I know that Bruce Lee had a student who was good at building things and helped him develop machines and tools to help him train


----------



## geezer (Apr 6, 2010)

Kamon Guy said:


> Great question!! As with the origins of wing chun, there is still a lot of debate. Many chunners claim that the dummy was derived as part of the Shaolin arts to begin with....


 
Well I have no claim to any factual knowledge beyond what is generally known and accepted--namely that wooden dummies of various configurations have been used in traditional Chinese martial arts for at least a couple of centuries and probably much longer. Heck so did the Romans, for that matter (ever see the original movei _Sparticus_?) When did the dummy that is unique to Wing chun evolve?
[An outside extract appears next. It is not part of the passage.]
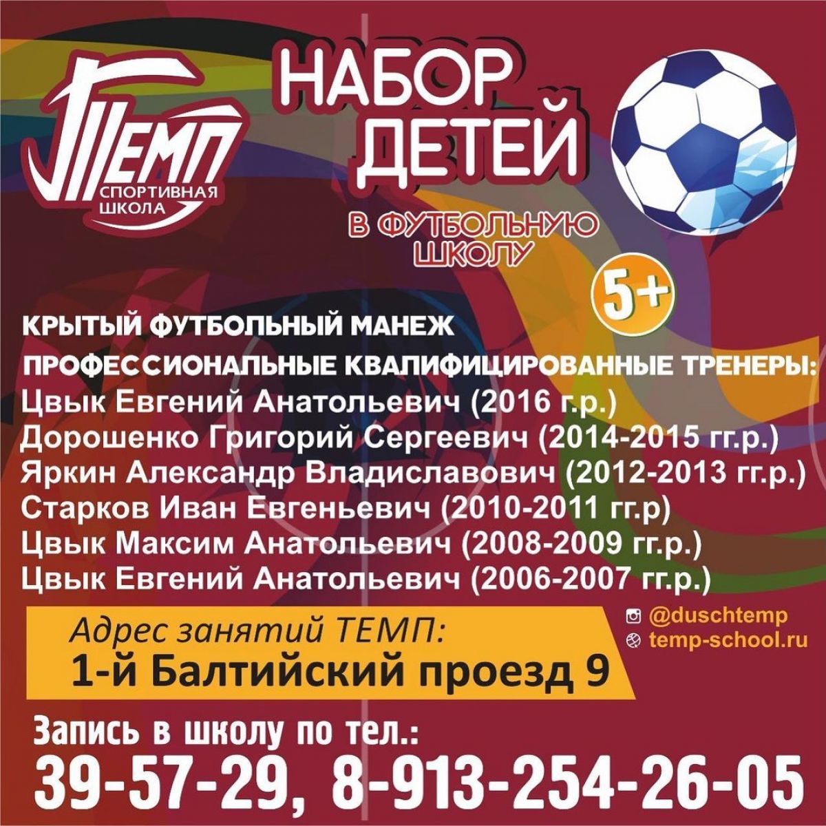 Другие тренеры спортшколы «Темп» ведут набор новых групп ребят всех возрастов: от 2006 до 2015 годов рождения.

Based on it's use among divergent groups on the mainland, I would guess that it dates to no later than the time of Leung Jan of Fatshan in the mid 1800s. The earlier dummies are said to have been "dead" dummies, with a trunk that was an unmoving post set solidly into the ground. Grandmanster Yip Man's dummy in Hong Kong was said to have been made by copying a "Weng Chun" dummy borrowed from a friend. Some say that Grandmaster Yip's Hong Kong dummy, fashioned to fit in his apartment kitchen, was the first "live dummy" mounted on a frame with springy slats that allowed the trunk to flex and rebound. Hopefully some of you may have more info on this. I find it an interesting topic.


----------



## yak sao (Apr 6, 2010)

from everything I 've read, the MYJ dates back to old mainland China.
Yip man is only one "clan" of Wing Chun. there are many others not directly related to him, and from what I can tell they all use the dummy.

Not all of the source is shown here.